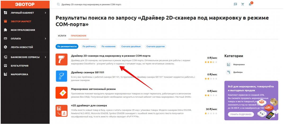 3. В поисковой строке введите название драйвера «Драйвер 2D-сканера под маркировку в режиме COM-порта» и выберите его в списке. Либо перейдите по прямой ссылке на драйвер (рис.2).
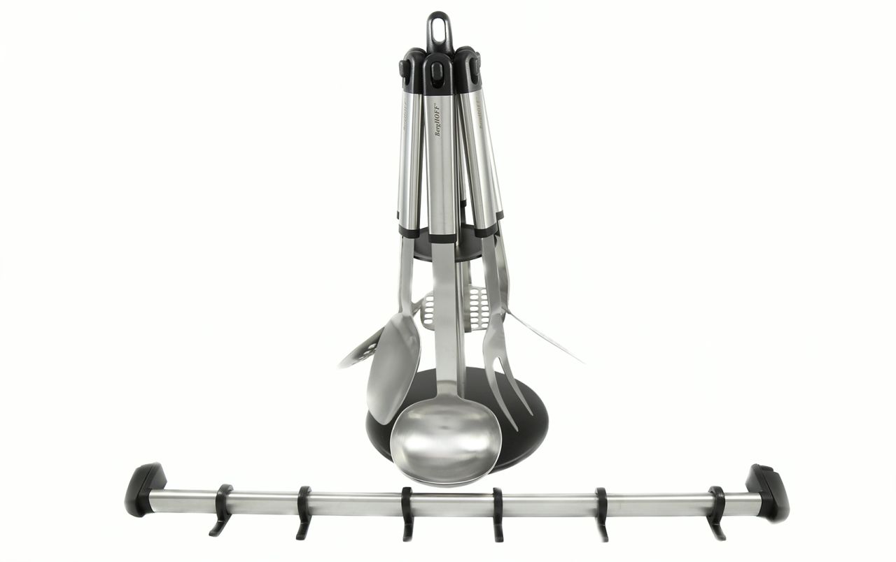 Kõik tööriistad on valmistatud kvaliteetsest, mattpoleeritud roostevabast terasest, mis pole mitte ainult vastupidav ja hügieeniline, vaid näeb ka suurepärane välja moodsas köögis. Pöörlev karussell-tüüpi alus võimaldab hõlpsasti haarata mis tahes tööriista ning mugavad õõnsad käepidemed ei kuumene ega väsita kätt. See on suurepärane kingitus majapidamisse kolimisel või korralik uuendus omaenda kööki.
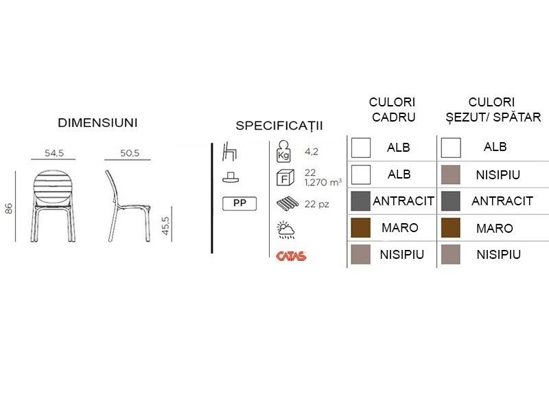 - Scaun fără brațe din polipropilenă.
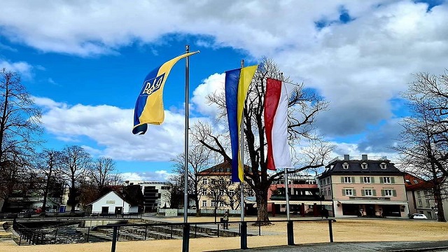 Hohenems belediyesi Ukrayna bayrağı astı
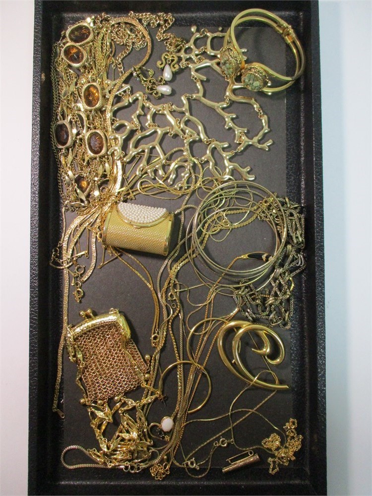 A striking assortment of gold-tone costume jewelry presented in a black display tray. This lot features a variety of classic and statement pieces including:
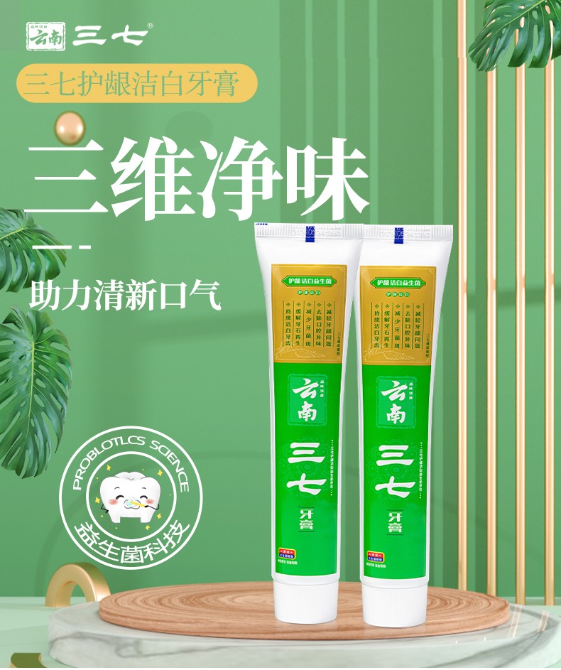 云南三七护龈洁白益生菌牙膏210g
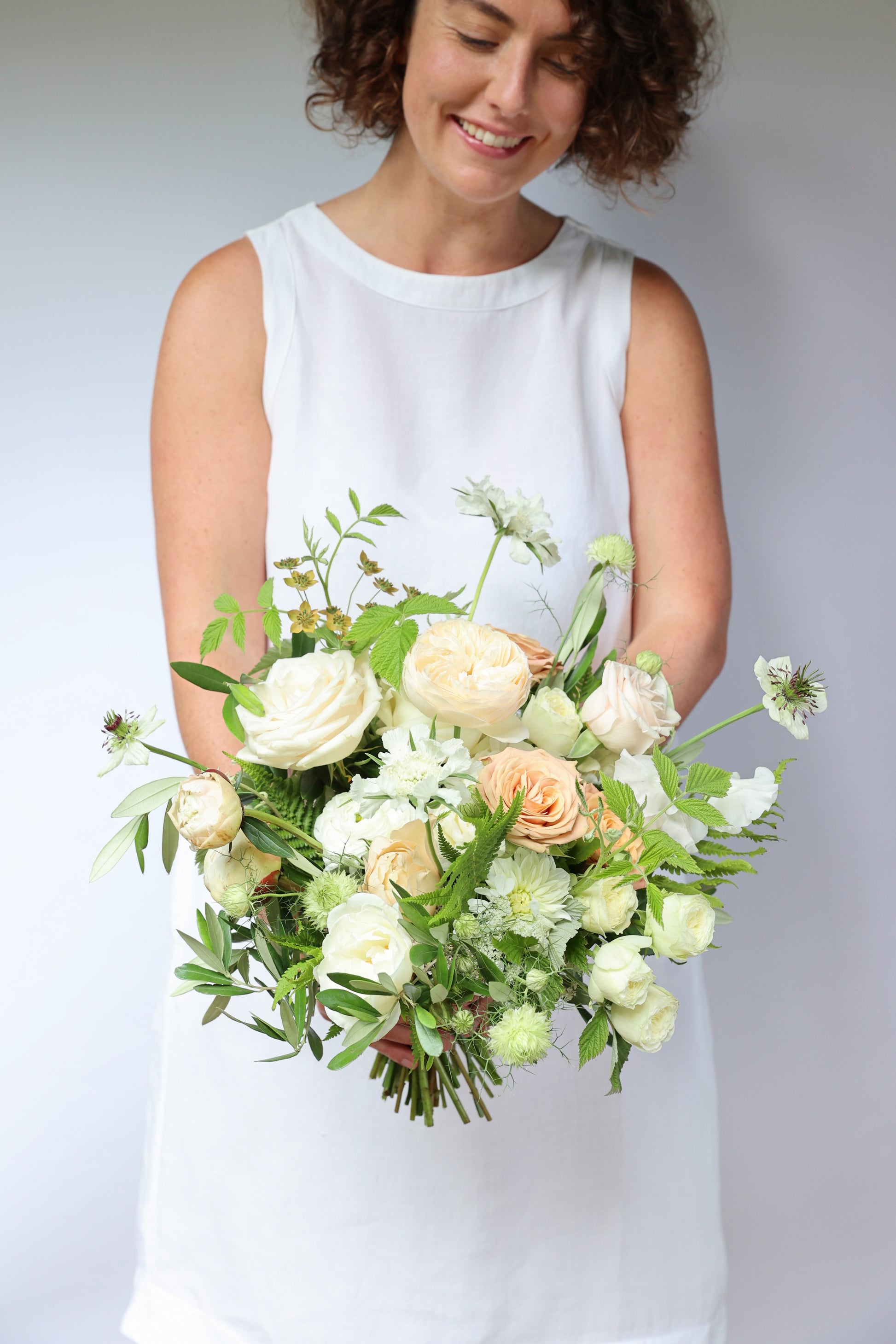 Created in our relaxed, natural style with a more trailing fluid outline, bound simply with a neutral toned satin ribbon.
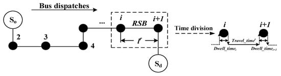 Bus Dwell Time (BDT):Bus dwell time at bus stop i is defined as the time spent for passenger alighting and boarding. The bus dwell time is of great significance to estimate the capacity of a bus station and has also been found to depend on how congested the platform is at the bus stops [35]. The bus dwell time and travel time between adjacent bus stops i and i+1 were estimated by using the method in Reference [36].
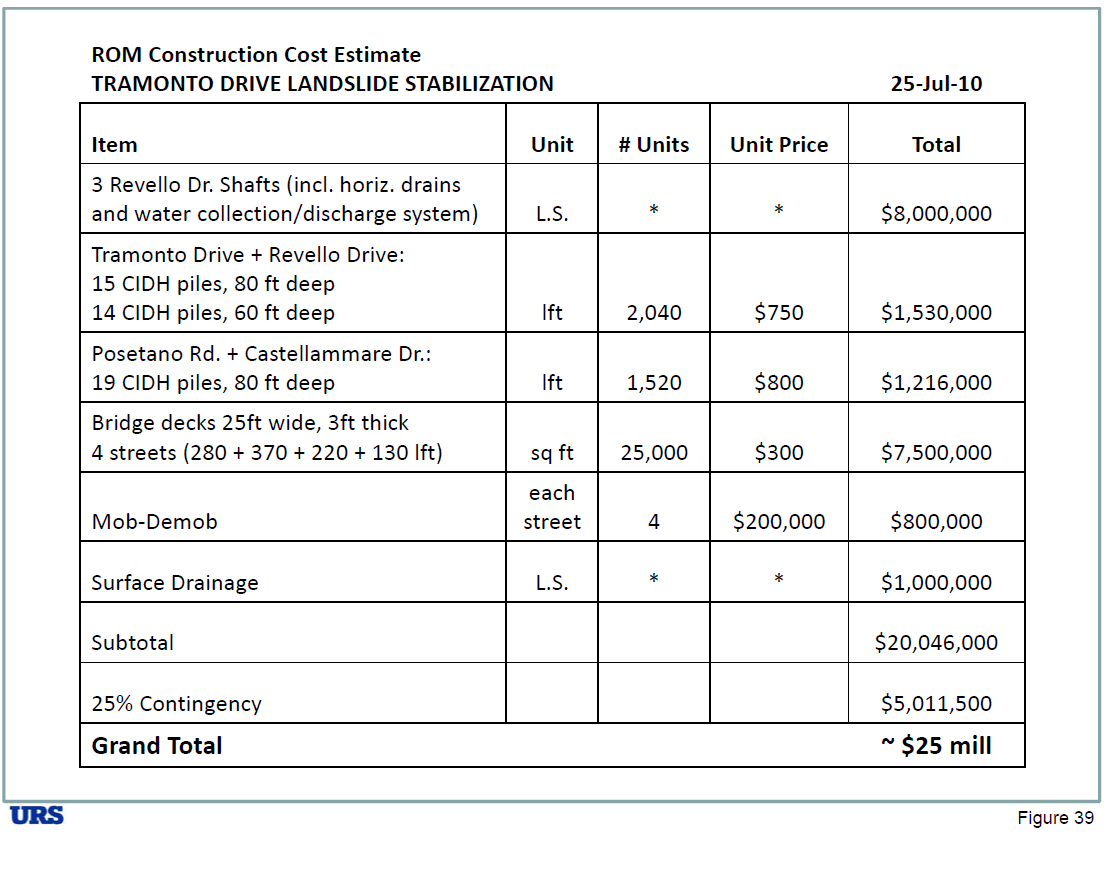 The cost to reinforce that Tramonto slide area was estimated to be about $25 million in July 2010.

◆ Required work
Beginning at the line containing "Hohenems belediyesi Ukrayna bayrağı astı", restate every line through the end of the material above exactly; omit the pictures.

◆ Your solution
 Hohenems belediyesi Ukrayna bayrağı astı
 A striking assortment of gold-tone costume jewelry presented in a black display tray. This lot features a variety of classic and statement pieces including:
 云南三七护龈洁白益生菌牙膏210g
 Created in our relaxed, natural style with a more trailing fluid outline, bound simply with a neutral toned satin ribbon.
 Bus Dwell Time (BDT):Bus dwell time at bus stop i is defined as the time spent for passenger alighting and boarding. The bus dwell time is of great significance to estimate the capacity of a bus station and has also been found to depend on how congested the platform is at the bus stops [35]. The bus dwell time and travel time between adjacent bus stops i and i+1 were estimated by using the method in Reference [36].
 The cost to reinforce that Tramonto slide area was estimated to be about $25 million in July 2010.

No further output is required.